For Immediate Release
Chicago, IL – January 23, 2020 – Today, Zacks Investment Ideas feature highlights Features: Tesla (TSLA - Free Report) , Apple (AAPL - Free Report) , Ford (F - Free Report) , General Motors (GM - Free Report) and Fiat Chrysler (FCAU - Free Report) .
What’s the Right Valuation Multiple for Tesla (TSLA - Free Report) ?
In May of 2018, Tesla CEO Elon Musk issued a warning to investors who were betting against the company that the “short burn of the century” was imminent.
In characteristic Musk style, he even sold a limited edition run of novelty flamethrowers meant to commemorate the short sellers getting torched.
It was a fairly audacious claim and it took almost two years to materialize, but the pain for short sellers of Tesla over the past few months has been very significant.
It's been quite a "short burn" even in the context of the previous largest short burn ever – the 2008 squeeze in shares of Volkswagen when it was revealed that rival automaker Porsche had acquired a controlling interest in more Volkswagen shares than the number available to borrow and the shorts scrambled to cover, running the share price up more than 500% almost instantly.
As we decide whether the recent price action in Tesla share is a bigger “short burn” it probably makes sense to point out that the rapid appreciation in VW shares was really an anomaly of market mechanics, while the Tesla rally is more the result of a huge amount of investor dollars pouring into the stock.
Even more remarkable is that short interest doesn’t seem to be significantly declining. In fact, even as some of the initial Tesla bears cover their losses, new shorts continue to sell the stock short, betting that the recent runup is unsustainable.
Short interest remains at record levels, even as Tesla shares soared through the $400 level and then right through $500 as well. As of Wednesday morning, those shares had hit a new intraday high of almost $600 and short sellers had suffered several single days in which their losses exceeded a billion dollars.
Short interest data is calculated only twice a month, but the best estimates suggest that there is now more than $14 billion committed to shorting Tesla – making it the most heavily shorted stock in the world, passing Apple, a company with almost 14 times higher market capitalization.
In a cruel twist of fate for short sellers, each new rally in Tesla shares raises the notional amount of short interest.
Is Tesla Worth $600 (or $6,000) per Share?
Less than two years ago, many analysts were speculating that Tesla’s enormous rate of cash burn would require a high-interest debt offering, a dilutive equity sale or both.
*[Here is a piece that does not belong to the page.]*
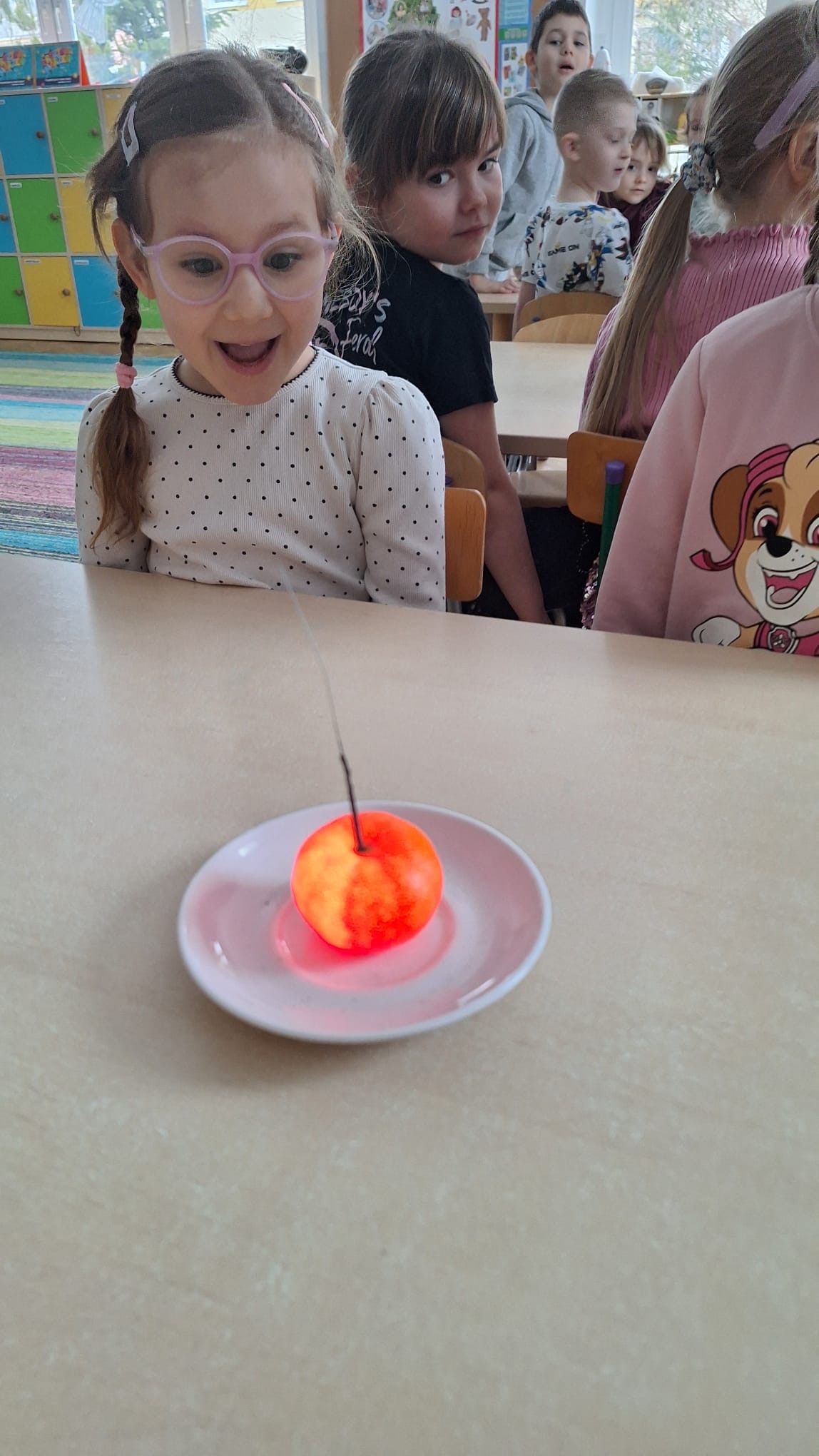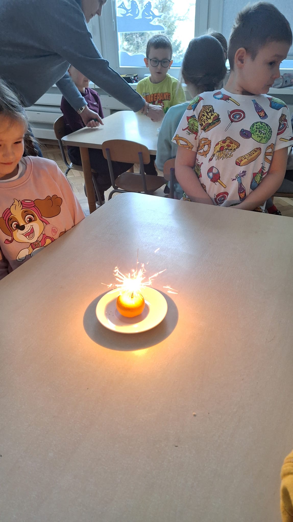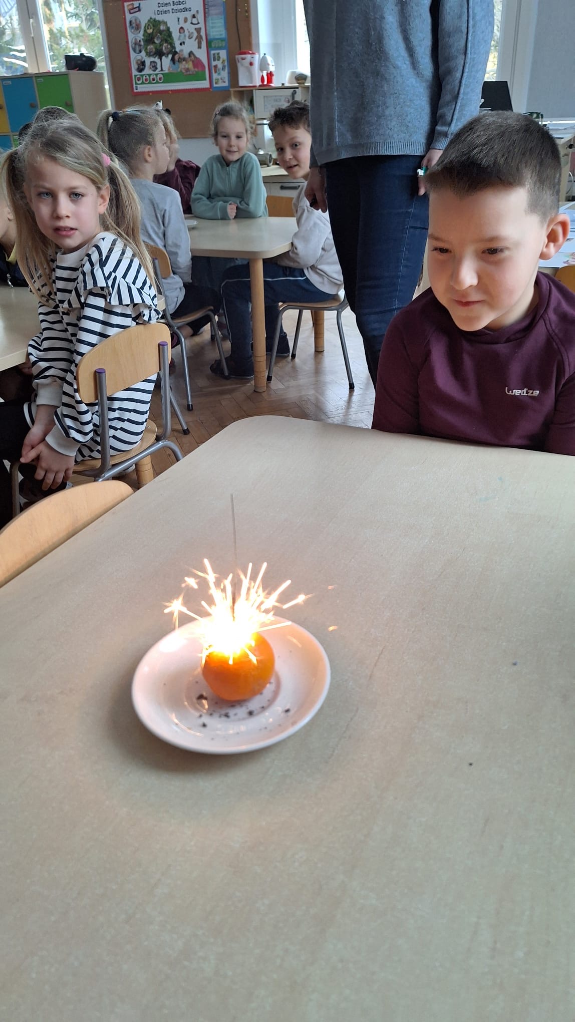 Grupa „0b” z Oddziałów Przedszkolnych przy Szkole Podstawowej nr 2 w Pruszczu Gdańskim wykonała V zadanie – „Matematyczne eksperymenty”. Dzieci podczas zajęć miały możliwość doświadczenia prawdziwej ekscytacji. Do realizacji tego zadania potrzebne były: mandarynka oraz zimne ognie. Po wypaleniu się zimnego ognia mandarynka zaczynała się świecić, co wzbudziło wśród dzieci ogromne zainteresowanie i radość. Było to niezwykłe doświadczenie, które połączyło naukę z zabawą i pozwoliło najmłodszym odkrywać świat poprzez eksperymentowanie.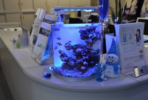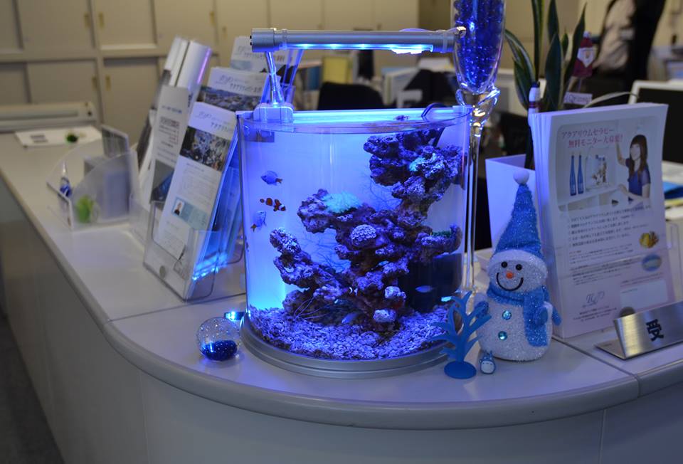 事務所の受付にウェルカムアクアリウムとしておしゃれにお客様をお出迎えするアイテムとして

The most pessimistic observers predicted that the company could end up being worth nearly zero in a fire-sale scenario.
As Tesla has proved that they are not only capable of producing positive cash flow and net profitability selling it’s innovative electric automobiles, and also that it’s on the brink of dramatically expanding manufacturing and sales in Europe and Asia, price targets have been rising rapidly – including one plausible case for the shares potentially being worth $6,000 within the next decade.
A huge lead in both EV and battery technology has the bulls convinced that Tesla could be the next Apple – selling cars around the globe the same way the Cupertino tech giant sells iPhones.
(Editor note: I’ve been a huge Tesla fan for years. It’s a great company with innovative products and an incredible story – sell a stylish and popular product that also helps to significantly reduce carbon emissions. Even I’m left scratching my head a bit at the rapid trajectory of the current rally.)
It’s the classic growth-stock conundrum. Investors are willing to pay high prices for stocks that have the potential to dramatically grow revenues and earnings over the next few years. At some point however, either the earnings have to come up or the share price has to come down to create a more reasonable price to earnings ratio. It’s just simple arithmetic.
Currently, Tesla trades at 86 times forward 12 month earnings estimates. For comparison purposes, Ford, General Motors and Fiat Chrysler all trade at a single digit multiple. That means Tesla would have to increase net earnings tenfold at the current stock price to have a typical automaker P/E multiple.
Is that possible? Of course. Prospective investors should understand however that Tesla shares are currently priced for something pretty close to perfection.